Numerous radiomic studies in FBC using mammography and breast MRI have been published (8-11). Several studies have established MRI imaging features combined with radiomics can be used to predict molecular subtypes, luminal A (P=0.004), HER2/neu enriched (P=0.00277) and basal like (P=0.0117) (11) and predict imaging biomarkers predicting pathways associated with survival (6). Textural features obtained from mammograms have also been used to predict BRCA1/2 probability from textural parenchymal differences not detectable by standard radiologic interpretation (9).

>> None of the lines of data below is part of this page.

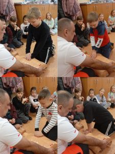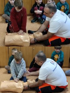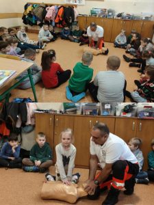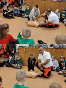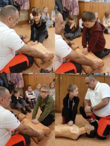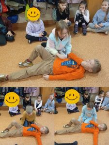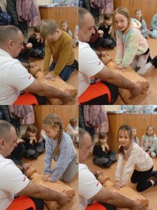 Uczniowie klas 1C i 1D wzięli udział w kolejnym spotkaniu w ramach Innowacji ABC Zdrowia i Pierwszej Pomocy. Tym razem uczestniczyli w warsztatach prowadzonych przez ratownika medycznego, Pana Sebastiana Dudka 👨⚕️. Podczas zajęć uczniowie poznali zasady pierwszej pomocy i ćwiczyli techniki ratujące życie na fantomie 🧑🤝🧑. Omówiono bezpieczeństwo na miejscu zdarzenia, ocenę poszkodowanego oraz najczęstsze przyczyny omdleń i zatrzymania krążenia. W części praktycznej uczniowie uczyli się wykonywania RKO, reagowania na omdlenia oraz układania poszkodowanego w pozycji bocznej bezpiecznej. Spotkanie było bardzo pouczające i zwiększyło pewność w udzielaniu pierwszej pomocy 🚑.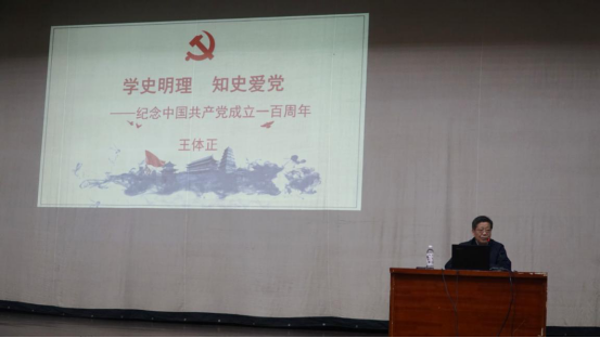 党委宣传部退休教授王体正为外院全体学生作了题为《学史明理,知史爱党》的首场宣讲报告。报告中,王体正教授回顾了中国共产党成立和发展的历史以及新中国成立后党的建设策略,让同学们进一步了解了中国共产党是一个敢于斗争、敢于胜利的党,是一个善谋建设,善于建设的党,是一个勇于创造、勇于创新的党,是一个为了人民,服务人民的党。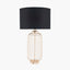 Striking geometric industrial style wire table lamp in a subtle French gold colouring. The tall metal table lamp creates a talking point within any room with its striking base and modern linen lamp shade. The self-lined linen cylinder lamp shade in black is crafted in an open weave material allowing the light to shine through, creating an ambient glow throughout your interior.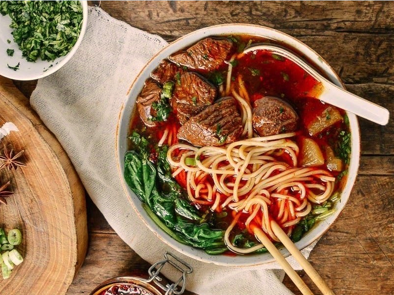 A bowl of hot noodle soup topped with tender braised beef is an absolutely satisfying comfort dish.

There are several studies evaluating mammography, MRI and US to evaluate axillary node status in FBC. For example, Tan et al. (12) developed a mammogram-based radiomics nomogram by integrating radiomic metrics with clinical risk factors to predict preoperative axillary metastasis and reported an AUC 0.876 and 0.862 in the primary and validation cohorts. Dong et al. (13) showed that using radiomics in DWI and joint fat sat T2 MRI can preoperatively predict sentinel lymph node (SLN) metastasis in FBC with an AUC of 0.80 in the validation set. Using deep learning in combination with radiomic metrics from the US of 1,280 patients breast cancer patients Guo et al. (14) identified patients with positive sentinel node metastasis with a sensitivity of 98.4% and those without metastasis with a 97% negative predictive value. To our knowledge, there have been no studies evaluating omitting sentinel node biopsy based on radiomic nodal assessments.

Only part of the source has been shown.